Confidential, Dunwoody, GA
- Involved in Data Warehousing and worked extensively on RDBMS (Oracle, MS SQL), ETL - Informatica and Oracle DRM (Data Relationship Management), and Reporting (BIDS - Visual Studio, and Oracle Reports).
- Provided solutions using ETL such as SSIS.
- Provided knowledge transfer for new resources.
- Developed Oozie workflow for scheduling and orchestrating the ETL process.
- Installed and configured Hadoop Map reduce, HDFS, developed multiple Map Reduce jobs in java/Python for data cleaning and preprocessing.

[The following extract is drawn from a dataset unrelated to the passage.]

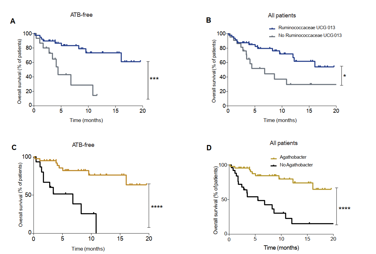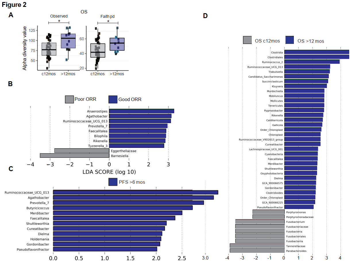由于ATB的使用顯著改變了GM的組成,作者通過排除接受ATB治療的患者來描述GM組成。在無ATB組,alpha多樣性降低與較短的OS有關(guān)(圖2A)。在beta多樣性分析中沒有發(fā)現(xiàn)不同的clusters。Ruminococcaceae UCG 13Agathobacter在具有良好ORR和PFS>6個月的個體中富集(圖2B和2C)。Ruminococcaceae UCG 13在OS>12個月的患者中富集(圖2D)。在未接受ATB治療的患者中,Clostridiales order在OS>12個月的患者中富集(圖2D)。

- Worked on a live 200 in pre-prod and 400 in production nodes Hadoop cluster running Cloudera.
- Worked with semi structured data of TB in size.
- Gave extensive presentations about the Hadoop ecosystem, best practices, data architecture in Hadoop.
- Used AWS S3, Redshift storage for data analysis.
- Experience in running Hadoop streaming jobs to process terabytes of xml format data.
- Supported Map Reduce Programs those are running on the cluster.
- Involved in loading data from UNIX file system to HDFS.
- Executed queries using Hive and developed MapReduce jobs to analyze data.
- Developed Pig Latin scripts to extract the data from the web server output files to load into HDFS.
- Developed a custom File System plug in for Hadoop so it can access files on Data Platform. This plugin allows Hadoop MapReduce programs, HBase, Pig and Hive to work unmodified and access files directly.
- Extracted feeds from social media sites such as Facebook, Twitter using Python scripts
Environment: ETL, Hadoop, Hive, HBase, MapReduce, HDFS, Pig, Cassandra, Strom, Flume, Hbase, MapReduce, IBM DataStage 8.1, Oracle 11g / 10g, PL/SQL, SQL*PLUS, LINUX, UNIX Shell Scripting, Java, Python
- Developed Python scripts to parse XML and JSON reports and load the information in a database.
- Used advanced features like pickle/unpickle in Python to share data across the applications.
- Developed and executed MySQL queries from Python using the Python-MySQL connector Designed and built RESTAPIs to add scalability to application.
- Developed views and templates with Python and Django’s view controller and templating language to create a user-friendly website interface.
- Created Python scripts for data access and analysis to help with system monitoring and reporting.